Aníbal – Quando você vê Itamar sendo apoiado por Newton Cardoso e Orestes Quércia… Ciro Gomes faz qualquer tipo de composição política. O PT usando os serviços do Duda Mendonça, este sim um grande rato. Um sujeito que fez aquela grande empulhação da campanha do Celso Pitta e jogou nossa cidade no lixo, na lama. Empulhou a população com uma propaganda eleitoral falsa, imoral. E agora está aí fazendo propaganda para o PT. E a primeira coisa que faz é uma baixaria, atingindo um símbolo nacional. O povo não quer isso. O povo é crítico, sabe votar e entende as coisas. Vai ver o que é a realidade e vê a Prefeitura de São Paulo, a mais importante do PT. As praças e marginais continuam sujas. Em cinco meses, qual a mudança que houve na cidade? Nenhuma. E aí aquela empulhação de criticar o presidente Fenrando Henrique Cardoso, que viaja para firmar o Brasil, que hoje incomoda, faz genoma e o melhor jato de pequeno porte do mundo. A prefeita, em cinco meses, já foi três vezes ao exterior. É um recorde. Para fazer o quê? O desafio de São Paulo é de administração interna, de competência, do detalhe, de fazer o que Covas fez, ir cortando e reduzindo para criar disponibilidade e atender as maiorias. E ainda tem o Lula que viaja para Cuba, China… Enfim, acho que se pudermos ter uma campanha com base em idéias e programas será bem melhor.

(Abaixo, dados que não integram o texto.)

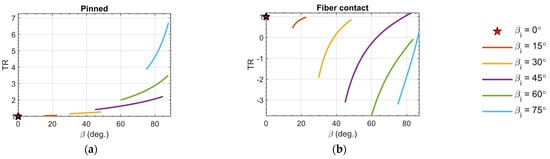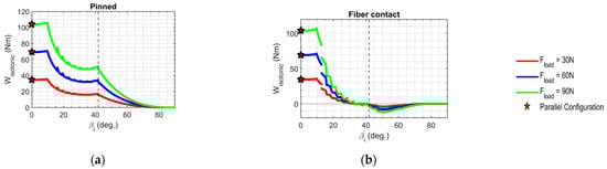 Figure 9 shows how the transmission ratio varies with respect to fiber pennation angle for different fiber boundary conditions. In the parallel topology, the muscle contraction rate and fiber contraction rate are equivalent (i.e., ), because no fiber rotation occurs. The transmission ratio for the parallel muscle topology is shown as a red star marker. A transmission ratio greater than one indicates that the muscle topology amplifies fiber contraction; a ratio less than one indicates that topology reduces contraction. Figure 9 shows that, for all bipennate muscles, the transmission ratio increases as the pennation angle increases. The rates of change of transmission ratio with pennation angle observed here differ from that previously reported for bipennate bundle actuators with fixed fiber geometries, due to the spatial constraint on muscle envelope and the corresponding fiber sizing considered here [,]. The pinned fiber boundary condition analysis shows that all bipennate muscle topologies considered producing transmission ratios greater than 1. For bipennate muscles with fibers in contact, both positive and negative transmission ratios are observed, and ratios are generally less than 1. The negative transmission ratio values align with the elongation behavior observed in bipennate muscles, with the fiber contact boundary condition that was seen in Figure 5b and Figure 6b. Knowledge of bipennate variable gearing and muscle force-strain space gives insight into matching muscle output demands of speed or force for a broad range of movements. Although some have explored the load dependences of muscle-like soft actuators with unipennate structures, their study enables the spatial bound of the actuator to change. Thus, their results were only able to isolate the dependence of the pennation angle and number of contractile units on the architectural gear ratio (AGR) []. The equal spatial envelope constraint imposed in the analysis presented in this paper allows for a fair and direct comparison between configurations, as well as providing practical insights into which pennation configuration is best to accomplish their design goals, and what tradeoffs exist when using a pennate configuration, to optimize a certain actuation characteristic at the expense of others.

Estado – O PSDB não tem sido incompetente para defender o governo e debater isso?

Aníbal – Tem sido pouco ativo. E isso já estamos mudando. O PSDB vai para o front. A pedra de toque de toda a ação do partido será a defesa do governo FHC e dos governos estaduais e municipais. Não temos nada a dever a ninguém em matéria de administração ou de ética. Aí dizem que somos arrogantes. Arrogante é essa oposição. Então o PSDB vai ser muito mais afirmativo, não só na defesa do governo como no que sempre temos feito. Vamos ter candidato à Presidência, a seu tempo. Temos vários candidatos. A meta agora é de mobilização. A executiva será andarilha. Vamos andar pelo Brasil e buscar colaboração ampla das secções estaduais e municipais.

Estado – E que reclamações o senhor tem recebido?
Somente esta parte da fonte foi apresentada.